Para aqueles que defendem a continuidade da Monarquia Britânica, certamente Elizabeth II será sempre o elemento pessoal de legitimação, dignidade, prestígio e respeito, e esta realidade faz-se notar, precisamente, nas incertezas que se materializaram automaticamente em torno do futuro da Coroa agora que foi posto um novo monarca no trono. Há um novo rei, mas os monárquicos britânicos e demais admiradores da simbologia realista da Inglaterra por esse mundo fora sentem-se órfãos com o falecimento da nonagenária monarca. Este será talvez o exemplo mais palpável da estabilidade que o seu reinado significava para muitos milhões de pessoas. Todavia, há outros legados que podem ser associados à sua vida.


Se é verdade que o longo percurso do reinado de Elizabeth II viu o Reino Unido perder preponderância militar, política e económica na cena global - apesar de ainda conservar muita -, também é verdade que neste percurso o Reino Unido se cimentou como um dos estados mais abertos, coesos, livres e socialmente prósperos do mundo. Foi no decurso deste reinado que se ergueu o moderno Estado de Providência britânico - e que entretanto também tem sido vítima de muitos ataques por decisores políticos -, homens e mulheres homossexuais e bissexuais deixaram de ser obrigadas a viver uma vida oculta, sob risco de pena criminal, e passaram a viver numa das sociedade mais diversas e livres do mundo, as tensões entre a República da Irlanda e a Irlanda do Norte foram acalmadas e relativamente estabilizadas, e Londres tornou-se numa metrópole cosmopolita e multicultural. Foi também durante este reinado que a sociedade britânica produziu alguma da melhor música e literatura da sua História e que a Coroa se abriu nas suas actividades diárias para com o mundo, tornando-se uma monarquia modernizada e mantendo em simultâneo um considerável grau de tradição. Foi também durante este reinado que o Império Britânico foi desmantelado, culminando com a cedência de Hong Kong à China (1997). Não foi um reinado que viu a incrementação e evolução do poderio colonial mas sim, precisamente, o seu oposto, não obstante outras soluções terem sido inventadas, nomeadamente a Commonwealth com a presidência do/a monarca britânico/a.
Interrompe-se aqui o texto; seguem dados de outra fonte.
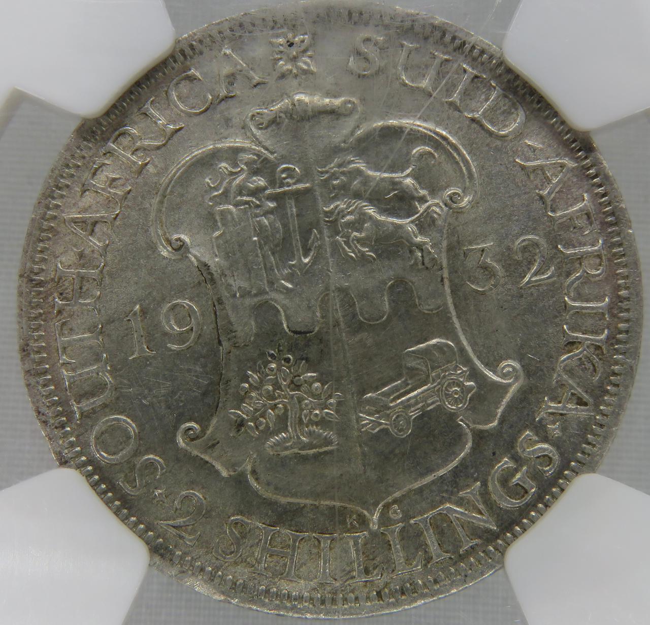 Lot 19: South Africa: Union George V silver two shillings (florin) of 1932 MS 61 NGC.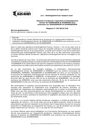 Il est demandé au Conseil Général de se prononcer sur l'opportunité d'ordonner l'opération d'aménagement foncier de DURNINGEN et KIENHEIM avec extension sur les communes de GOUGENHEIM et de SCHNERSHEIM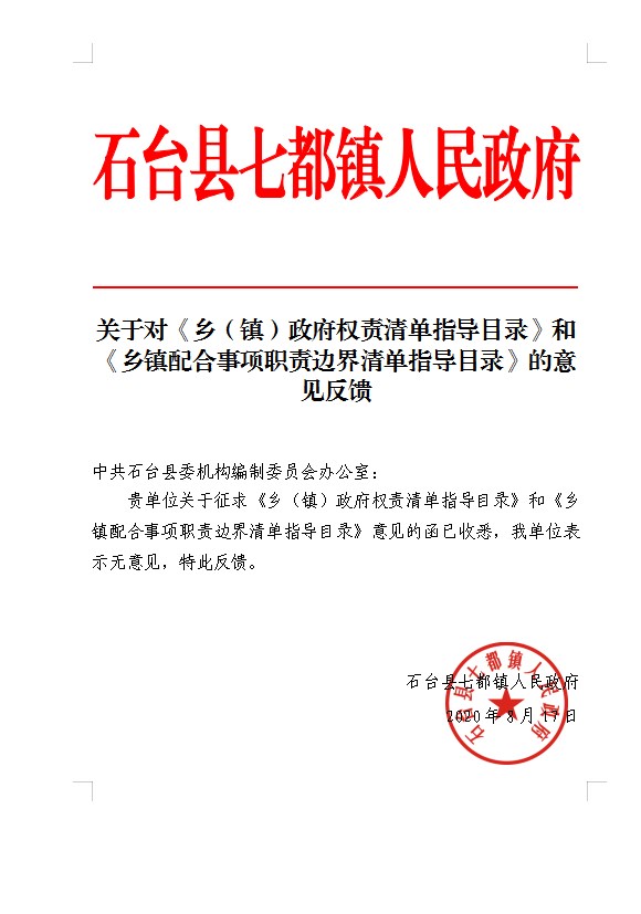 七都镇关于对《乡(镇)政府权责清单指导目录》和《乡镇配合事项职责边界清单指导目录》的意见反馈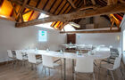 - De schuur; voor wie van authenticiteit houdt. Het is een grote, onafgewerkte ruimte met witgekalkte muren. De ruimte komt direct uit op de gerenoveerde binnenplaats van de oude boerderij.

Da minha parte, agradeço a Elizabeth II, enquanto Chefe de Estado, por ter silenciado e refreado a tentativa do círculo do Lord Mountbatten para derrubar, mediante um golpe militar - externo às instituições políticas - o governo socialista de Harold Wilson em plena Contracultura. O seu aval e apoio político (que de facto foi procurado) teriam valido tudo para esse golpe, mas a sua acção, a favor da vontade democrática e do Parlamento, impediram que uma enorme infâmia tivesse sido cometida. Nem todos os monarcas constitucionais teriam agido desta forma. Também foi durante o seu reinado que, em 2017, mais de 50 mil homens, entre eles Oscar Wilde e Alan Turing, receberam um perdão real das condenações por sodomia, marcando um oficial distanciamento da Monarquia Britânica desse passado lúgubre. Claro que o que estas pessoas precisavam não era de um perdão, pois não foram eles que erraram mais sim o Estado Britânico na sua robusta perseguição à homossexualidade masculina que remontou, pelo menos, ao reinado de Henry VIII (1509-1547). O que estas pessoas precisavam era de um pedido de desculpas. Em todo caso, nem Wilde, nem Turing, nem tantos outros anónimos estão vivos para serem recompensados pela injustiça a que foram submetidos.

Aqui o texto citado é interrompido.